Work task
The output should match, line for line, the records from the line containing "Introducing an exquisite" through the line containing "Бизнесмен с кирпичами на белом фоне", with every picture left out.

Entries supplied
=== Section Start ===

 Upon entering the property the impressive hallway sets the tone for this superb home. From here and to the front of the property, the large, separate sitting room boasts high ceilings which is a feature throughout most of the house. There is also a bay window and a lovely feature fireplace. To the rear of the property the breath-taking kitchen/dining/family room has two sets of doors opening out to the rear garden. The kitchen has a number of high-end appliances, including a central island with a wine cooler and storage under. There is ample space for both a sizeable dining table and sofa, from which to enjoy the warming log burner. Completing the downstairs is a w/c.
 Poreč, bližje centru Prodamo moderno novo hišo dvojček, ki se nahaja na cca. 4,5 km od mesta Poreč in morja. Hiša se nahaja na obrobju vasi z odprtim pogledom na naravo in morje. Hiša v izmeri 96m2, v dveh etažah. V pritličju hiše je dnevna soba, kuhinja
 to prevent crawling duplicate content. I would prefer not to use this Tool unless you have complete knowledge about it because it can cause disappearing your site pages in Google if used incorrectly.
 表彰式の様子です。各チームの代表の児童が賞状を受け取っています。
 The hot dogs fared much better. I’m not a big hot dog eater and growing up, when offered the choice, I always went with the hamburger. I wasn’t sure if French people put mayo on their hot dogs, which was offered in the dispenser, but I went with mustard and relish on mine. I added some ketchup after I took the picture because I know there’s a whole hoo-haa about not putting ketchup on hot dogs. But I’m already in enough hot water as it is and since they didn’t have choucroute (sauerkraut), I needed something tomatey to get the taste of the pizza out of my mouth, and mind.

=== Section End ===
=== Section Start ===

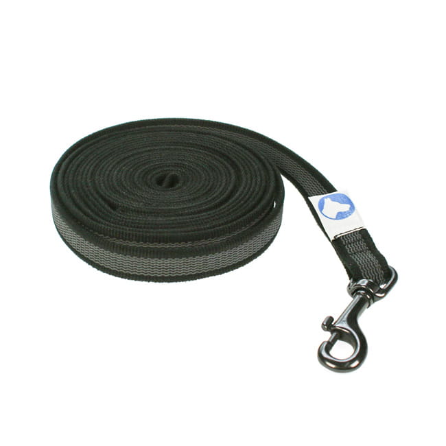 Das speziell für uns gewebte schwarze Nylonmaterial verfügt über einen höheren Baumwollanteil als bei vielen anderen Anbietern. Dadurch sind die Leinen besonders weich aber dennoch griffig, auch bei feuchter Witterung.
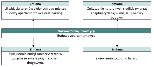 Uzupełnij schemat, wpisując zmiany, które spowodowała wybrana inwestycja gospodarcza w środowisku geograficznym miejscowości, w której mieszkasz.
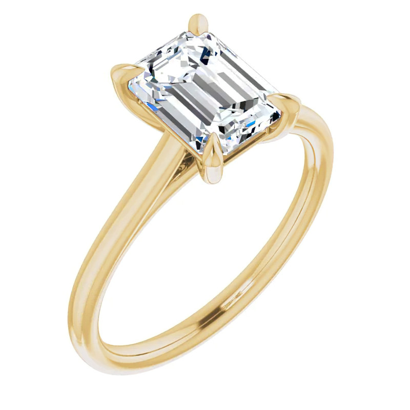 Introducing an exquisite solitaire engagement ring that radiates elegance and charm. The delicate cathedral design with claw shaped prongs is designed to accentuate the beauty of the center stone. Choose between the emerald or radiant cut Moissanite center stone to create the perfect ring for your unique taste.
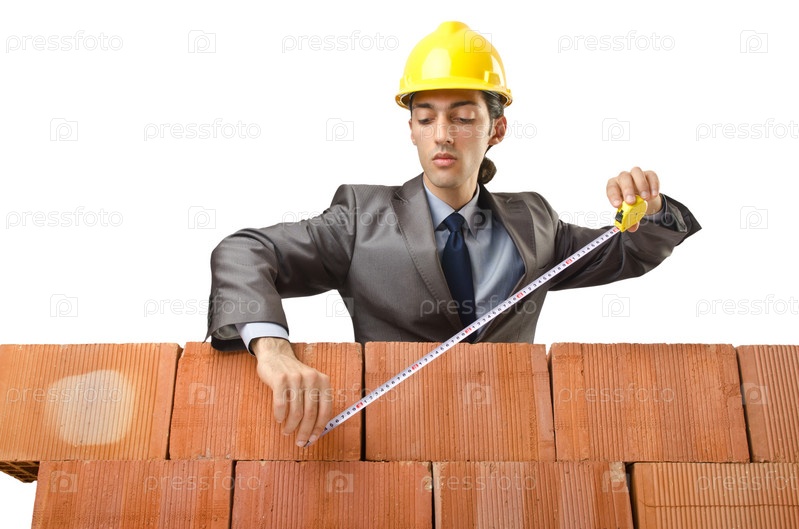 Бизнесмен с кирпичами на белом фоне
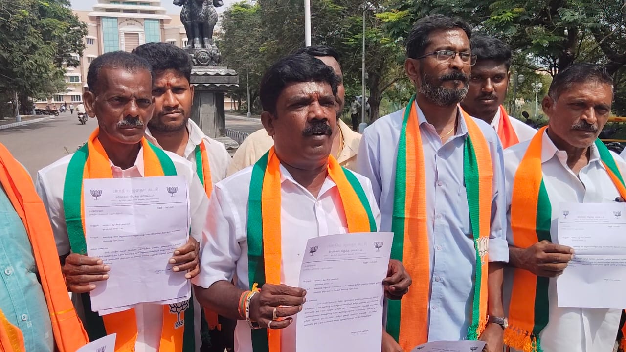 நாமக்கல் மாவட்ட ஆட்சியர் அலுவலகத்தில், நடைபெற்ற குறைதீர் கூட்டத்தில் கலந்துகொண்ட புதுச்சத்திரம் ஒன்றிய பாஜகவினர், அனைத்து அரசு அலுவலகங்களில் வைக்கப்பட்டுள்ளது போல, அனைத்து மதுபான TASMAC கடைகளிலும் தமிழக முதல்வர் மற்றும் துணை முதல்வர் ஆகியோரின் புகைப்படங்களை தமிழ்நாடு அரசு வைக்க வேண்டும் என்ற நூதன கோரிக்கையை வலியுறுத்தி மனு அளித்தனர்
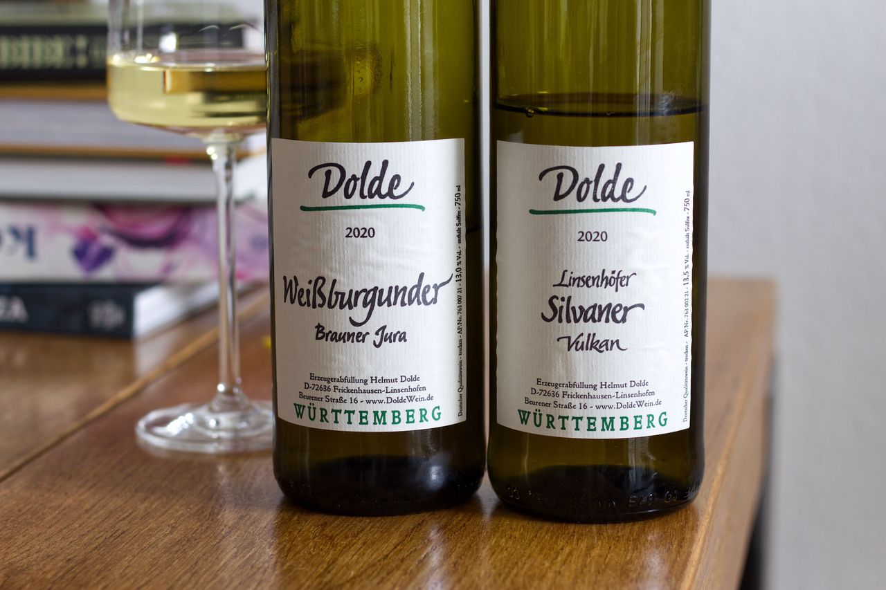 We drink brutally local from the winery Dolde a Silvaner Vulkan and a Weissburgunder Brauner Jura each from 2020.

=== Section End ===
=== Section Start ===

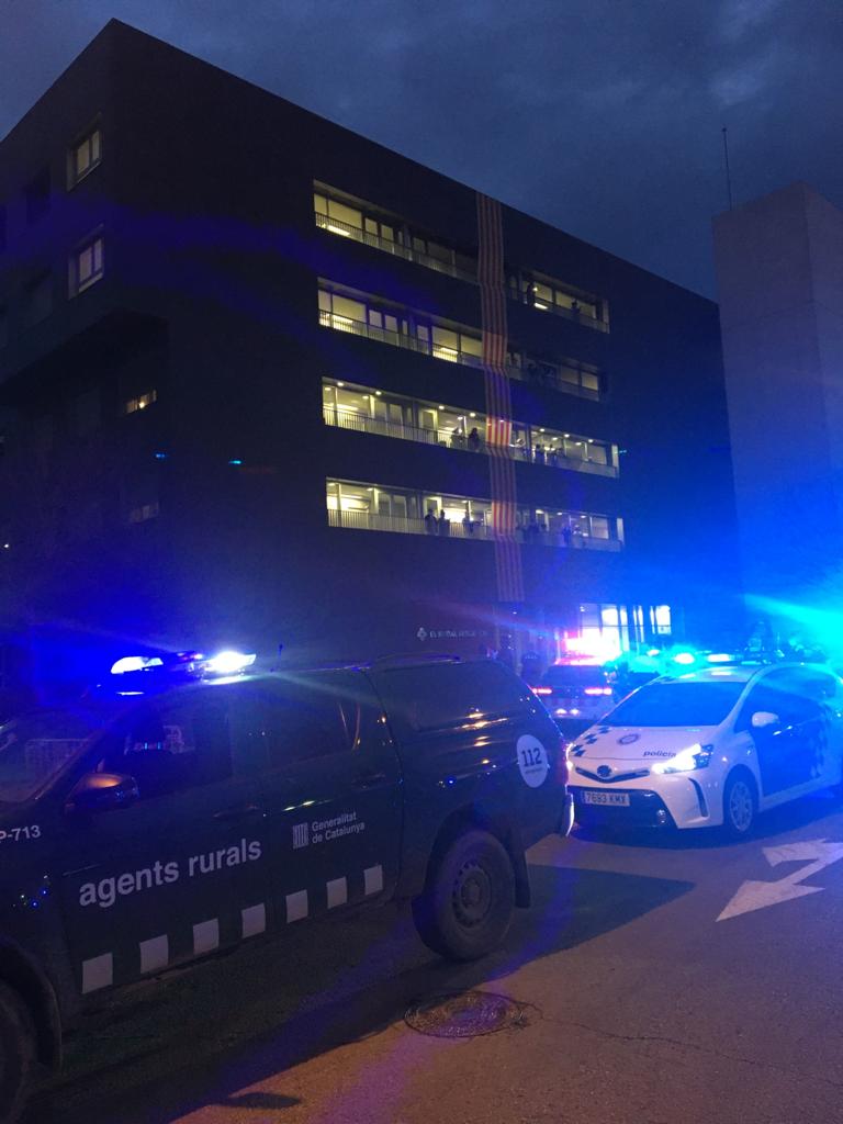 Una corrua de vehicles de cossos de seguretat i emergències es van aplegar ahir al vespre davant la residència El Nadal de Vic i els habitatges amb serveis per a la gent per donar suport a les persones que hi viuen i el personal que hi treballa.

=== Section End ===

Final answer
 Introducing an exquisite solitaire engagement ring that radiates elegance and charm. The delicate cathedral design with claw shaped prongs is designed to accentuate the beauty of the center stone. Choose between the emerald or radiant cut Moissanite center stone to create the perfect ring for your unique taste.
 Бизнесмен с кирпичами на белом фоне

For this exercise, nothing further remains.